Today, most people assume that the best way to ensure confidentiality and integrity of communications and underlying data is through encryption, which is an ancient method to secure communication that appeared 2,500 years ago in Greece during Peloponnese Wars (*).

Even the most modern form of encryption is primarily based on the assumption that the mathematical models used to encrypt are too complex to decode without access to an immense computing power beyond the realms of today’s classical computers. One of these methods, knows as the “asymmetrical method” uses two encryption keys, one public and one private.

(*) Wikipedia: Scytale – History

Unfortunately, with the advent of massively powerful quantum computers in the next decade, such as those built by IBM or Google, such assumptions will no longer hold.

Much of today’s encryption will become vulnerable as quantum computers may solve complex optimization problems faster than a single-core classic computer. Moreover, encrypted information downloaded today may be decrypted offline in the coming years.

Quantum cryptography, the science of exploiting quantum mechanical properties to perform cryptographic tasks, uses Heisenberg’s Uncertainty Principle and the No-Cloning Theorem. The Uncertainty Principle, formulated in 1927, states there is a fundamental limit to the precision with which a particle’s physical properties can be known; the more precisely we can determine the position of a particle, the less accurately its momentum can be identified, and vice versa. The No-Cloning Theorem, first articulated by Wootters, Zurek, and Dieks in 1982, demonstrates that it is impossible to create a copy of an arbitrary unknown quantum state.

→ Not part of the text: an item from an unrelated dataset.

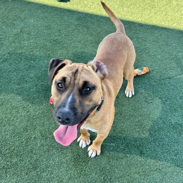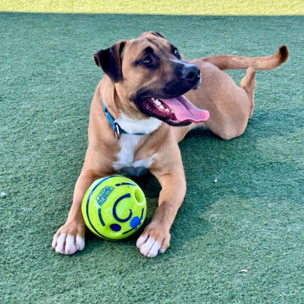 Rocky is a very well-rounded guy and truly just wants to have a good time. He still has some youthful energy but he easily focuses that into a variety of activities and then calms nicely. Rocky loves playing with toys and is happy to play somewhat independently. He has the patience to work on puzzles and even try out some agility equipment! Rocky has an excellent sit and enjoys affection. He does need some work on leash but he seems very trainable.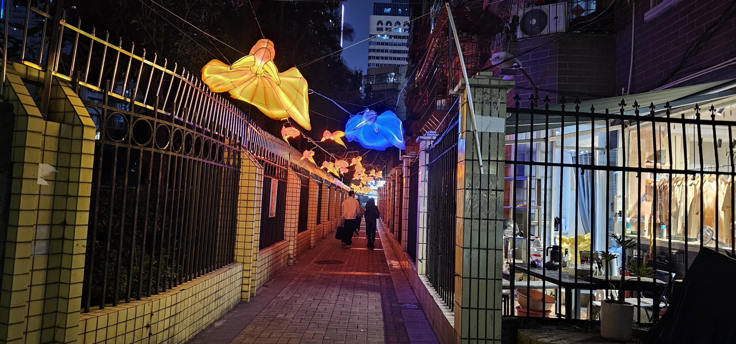 And a row of lanterns lighting a back alley connecting a couple of different streets.

The best example of quantum cryptography that exists today is Quantum Key Distribution (QKD). It offers absolute protection, even against quantum computers, because its strength does not depend on mathematical complexity, as in post-quantum cryptography, but on physical principles.

Current research on quantum encryption is based on the Quantum Entanglement Phenomenon, discovered by Albert Einstein in 1935, and first experimentally proven by the French physicist Alain Aspect in 1981.

Strange as it may seem, two intricate particles (material or light) form an inseparable bond, no matter how far located they are from each other. Even if they are situated at the opposite ends of the galaxy, everything that happens to one instantaneously has an impact on the other. In light of this, several laboratories are currently developing devices that generate such pairs of entangled photons, one of which is to be sent to one user, and the other, to another.

This research uses one of the numerous properties of light, its polarization, to encode information in the photon. Each pair of photons is entangled one with the other after being picked up one by one with a single-photon detector connected to a computer that converts them into electrical signals. We can then ultimately obtain the same randomized string on both screens – that means the same key.

Besides, entanglement offers another invaluable advantage: any attempt by a third party to “read” the photons alters the key in a way that will be evident to participants.

Accordingly, one of the authorized users can then immediately discard that key and request the quantum device to generate a new one. Thus, it will be impossible to defeat.